**BRIEF**: Copy word for word the lines in the records below, starting at the line with "This spiral notebook" and ending at the line with "Bring heart-melting holiday". Skip the pictures.

[Collection entries]
┏━━

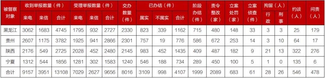 經黨中央、國務院批準,第二輪第五批4個中央生態(tài)環(huán)境保護督察組于2021年12月3日至5日陸續(xù)進駐黑龍江、貴州、陜西、寧夏4個?。▍^(qū))開展督察。截至2022年1月5日晚20:00,全面完成督察進駐工作。 各督察組在進駐期間深入貫徹習近平生態(tài)文明思想,認真落實黨的十九屆六中全會精神,立足新發(fā)展階段,貫徹新發(fā)展理念,構建新發(fā)展格局,推動高質量發(fā)展,堅持服務大局,堅持系統(tǒng)觀念,堅持嚴的基調,堅持問題導向,堅持精準科學依法督察,嚴格執(zhí)行《中央生態(tài)環(huán)境保護督察工作規(guī)定》。始終堅持以人民為中心,結合黨史學習教育,把推動解決群眾反映突出的生態(tài)環(huán)境問題作為“我為群眾辦實事”的重要內容和督察工作的重中之重,抽查回訪群眾舉報問題的整改落實情況,與人民群眾面對面交流,聽取意見建議,得到人民群眾的肯定和稱贊。始終堅持動真碰硬,深入基層、深入一線、深入現(xiàn)場,查實一批盲目上馬“兩高”項目、生態(tài)破壞嚴重、環(huán)境基礎設施建設滯后、違法排污等突出生態(tài)環(huán)境問題,核實一批不作為、慢作為,不擔當、不碰硬,甚至敷衍應對、弄虛作假等形式主義、官僚主義問題,截至1月5日,已曝光典型案例12個。始終堅持實事求是,務求督察實效,堅決反對生態(tài)環(huán)境保護“一刀切”和問責泛化、簡單化以及以問責代替整改等問題,不斷改進和優(yōu)化督察流程方法,努力減輕基層負擔。 有關?。▍^(qū))高度重視督察工作,將督察作為堅決貫徹習近平生態(tài)文明思想的重要內容,作為推動高質量發(fā)展的重要契機,主要領導通過督察動員、現(xiàn)場督辦、召開專題會議等方式,大力推動整改落實。截至目前,各督察組共收到群眾來電、來信舉報13108件,受理有效舉報9656件,經梳理合并重復舉報,累計向相關?。▍^(qū))轉辦8016件。相關省(區(qū))已辦結或階段辦結6106件。其中,立案處罰683家,立案偵查61件,拘留54人;約談黨政領導干部546人,問責黨政領導干部478人。 各督察組堅決貫徹落實中央決策部署,統(tǒng)籌做好經濟平穩(wěn)運行、民生保障、常態(tài)化疫情防控和生態(tài)環(huán)境保護,明確督察方向,把握工作節(jié)奏,突出工作重點,努力發(fā)現(xiàn)問題,推動解決問題。有關?。▍^(qū))在解決群眾信訪問題中,既認真查處、堅決整改,也實事求是、分類施策,做到精準科學依法,積極服務“六穩(wěn)”“六保”。 對已經轉辦、待查處整改的群眾舉報問題,各督察組均已安排人員繼續(xù)督辦,確保群眾舉報問題能夠查處到位、整改到位、公開到位。 第二輪第五批中央生態(tài)環(huán)境保護督察 邊督邊改情況匯總表
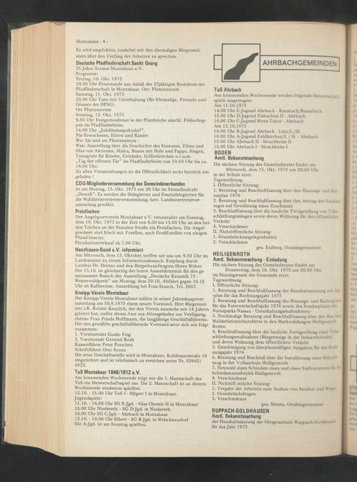 19.30 Uhr Feierstunde aus Anlaß des 25jährigen Bestehens der Pfadfinderschaft in Montabaur. Ort: Pfarrzentrum Samstag, 11. Okt. 1975
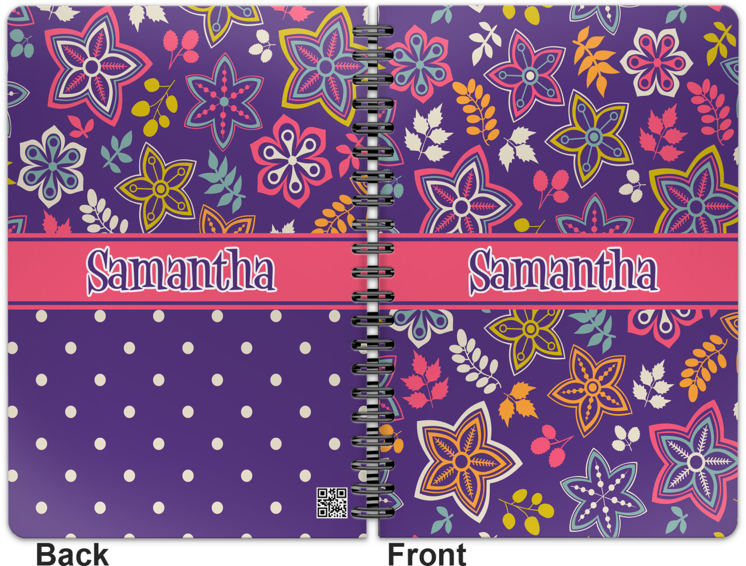 This spiral notebook includes 75 sheets of thick, ruled paper. The front and back of this custom notebook is made of a robust, laminate, plastic covering. We print your personalization on these two panels, underneath a glossy finish, which emphasizes the colors of your design. The two panels and the sheets of paper are held together by a sturdy, black coil. The paper within your bound notebook is perforated for easy, clean tearing.
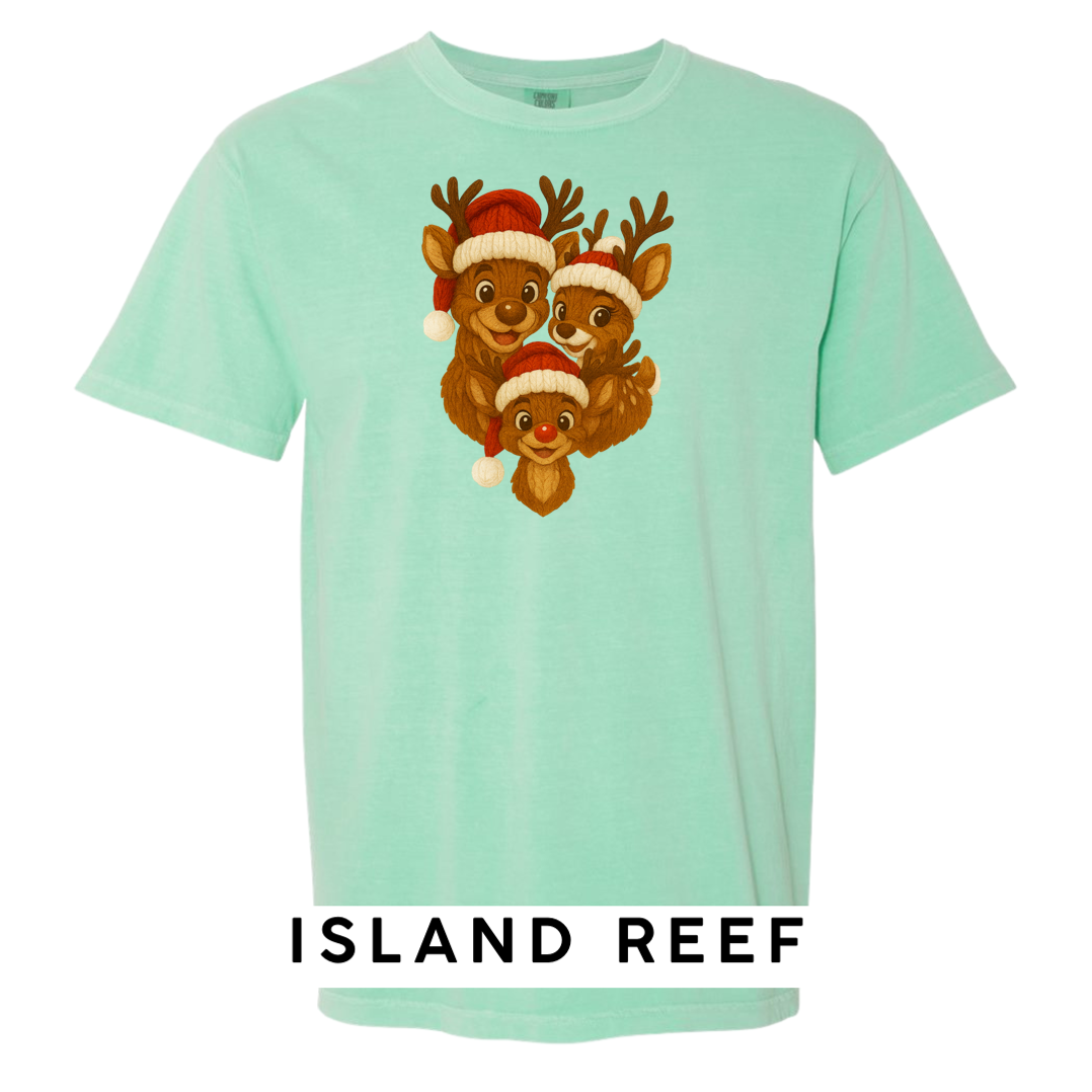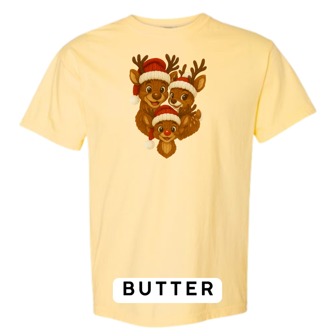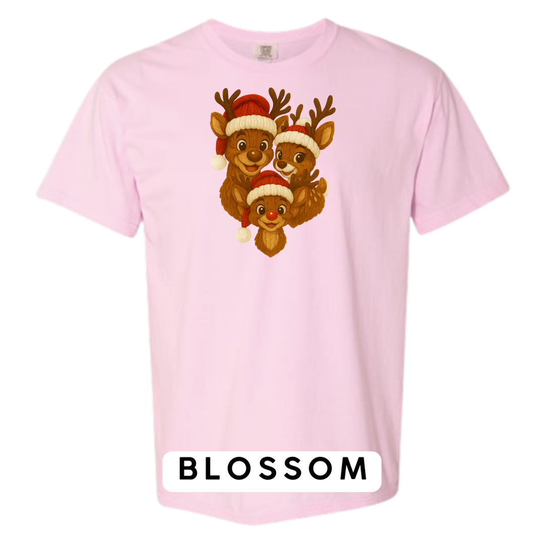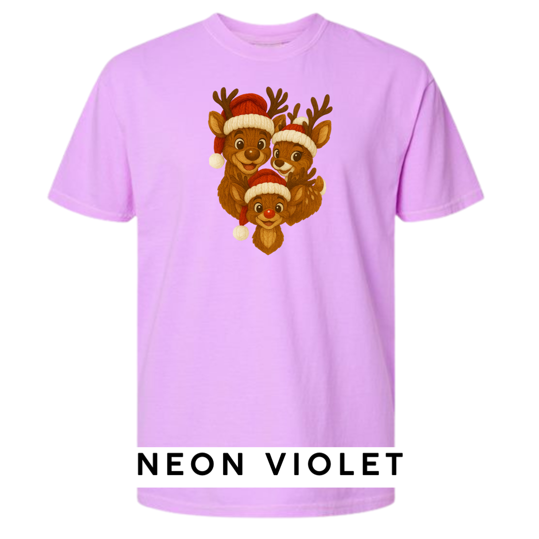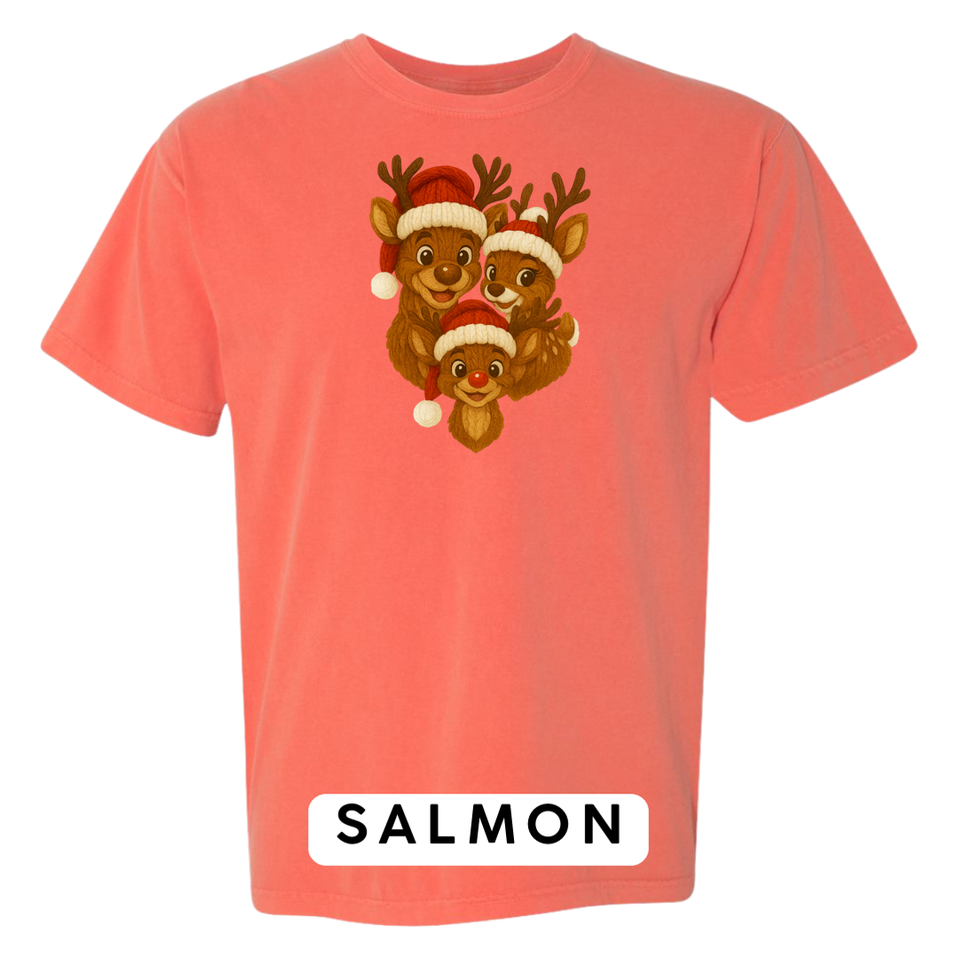 Bring heart-melting holiday charm to your wardrobe or gifts with this adorable Knitted Reindeer Family design. Featuring a smiling papa, mama, and baby reindeer in cozy Santa hats, this artwork blends warm Christmas vibes with a handmade knitted aesthetic that pops beautifully on any product.
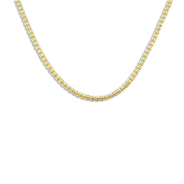 Elevate your style with our 14K Ice Link Chain 3.5 mm. Made with the finest quality 14K gold, this chain exudes elegance and luxury. Its 3.5 mm width adds a subtle yet eye-catching detail to any outfit. Upgrade your look and make a statement with this timeless and versatile accessory.
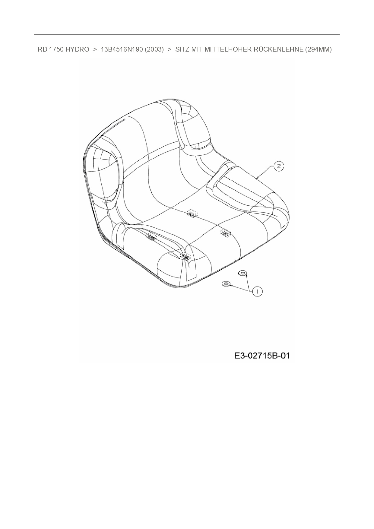 Ersatzteile für Rasentraktor White RD 1750 Hydro aus der Zeichnung Sitz mit mittelhoher Rückenlehne (294mm):
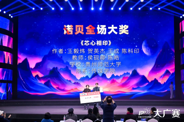 全場大獎是大廣賽最高獎項,經(jīng)過全國總評審的評委投票、評議,從10個作品類別中評選出4組備選作品?,F(xiàn)場通過作品展示、闡述要點、評委點評、現(xiàn)場投票等環(huán)節(jié),最后由大廣賽資深評委投票決出全場大獎得主。經(jīng)過現(xiàn)場激烈角逐和尖峰對決,貴州師范大學(xué)傳媒學(xué)院的王毅煒、賀英杰、王成、陳科印同學(xué)以作品科大訊飛命題微電影作品《芯心相印》的超凡創(chuàng)意與優(yōu)秀舞臺表現(xiàn)力,贏得評委和現(xiàn)場觀眾的一致好評,最終獲得第16屆大廣賽全場大獎。
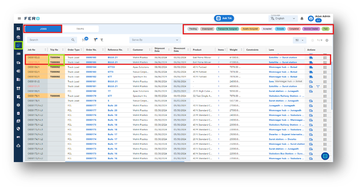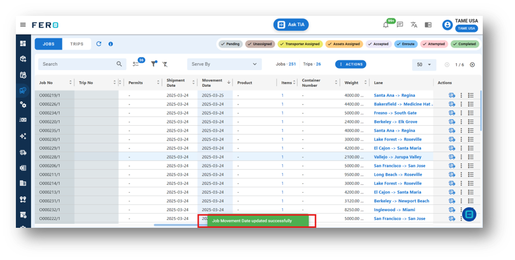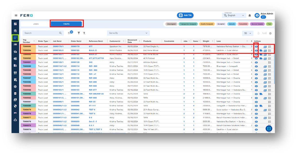 Step 5: Once you allocate the asset, the system will automatically update the status of the order based on the allocation. Additionally, a trip number will be created for that order, facilitating further tracking and management.
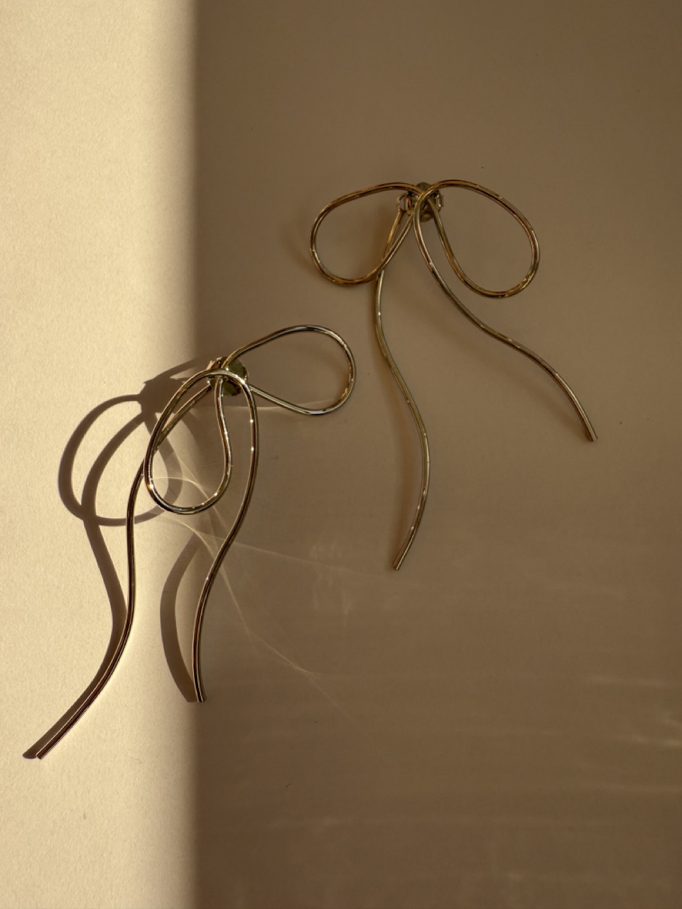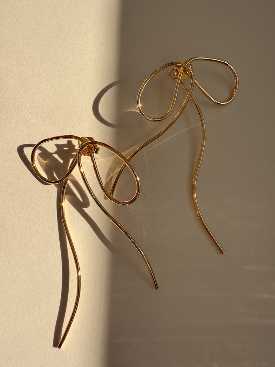 Brinco fio liso, com aparência de “laço caído”, tarraxa com parte embutida nele.
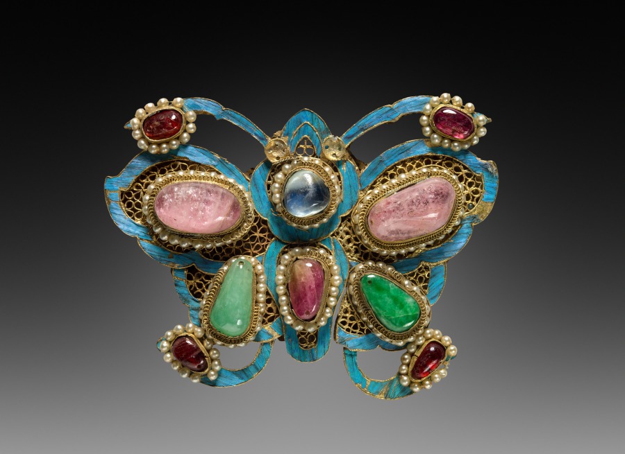 This buckle has a silver gilt base with kingfisher feather inlay work and is set with semiprecious stones.
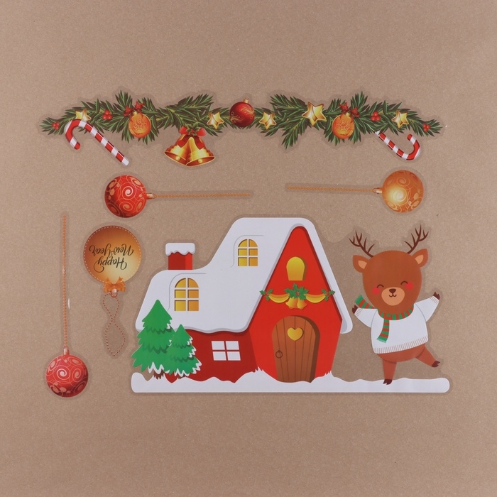 Наклейки на окна "Новогодние" домик, снеговик, 2 штуки, 35 х 50 см
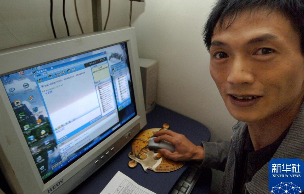 2006年10月23日,“西安新市民社区学习中心”学员在家中与“西安新市民QQ群”的同学们聊天。

┗━━

**EXERCISE OUTPUT**:
 This spiral notebook includes 75 sheets of thick, ruled paper. The front and back of this custom notebook is made of a robust, laminate, plastic covering. We print your personalization on these two panels, underneath a glossy finish, which emphasizes the colors of your design. The two panels and the sheets of paper are held together by a sturdy, black coil. The paper within your bound notebook is perforated for easy, clean tearing.
 Bring heart-melting holiday charm to your wardrobe or gifts with this adorable Knitted Reindeer Family design. Featuring a smiling papa, mama, and baby reindeer in cozy Santa hats, this artwork blends warm Christmas vibes with a handmade knitted aesthetic that pops beautifully on any product.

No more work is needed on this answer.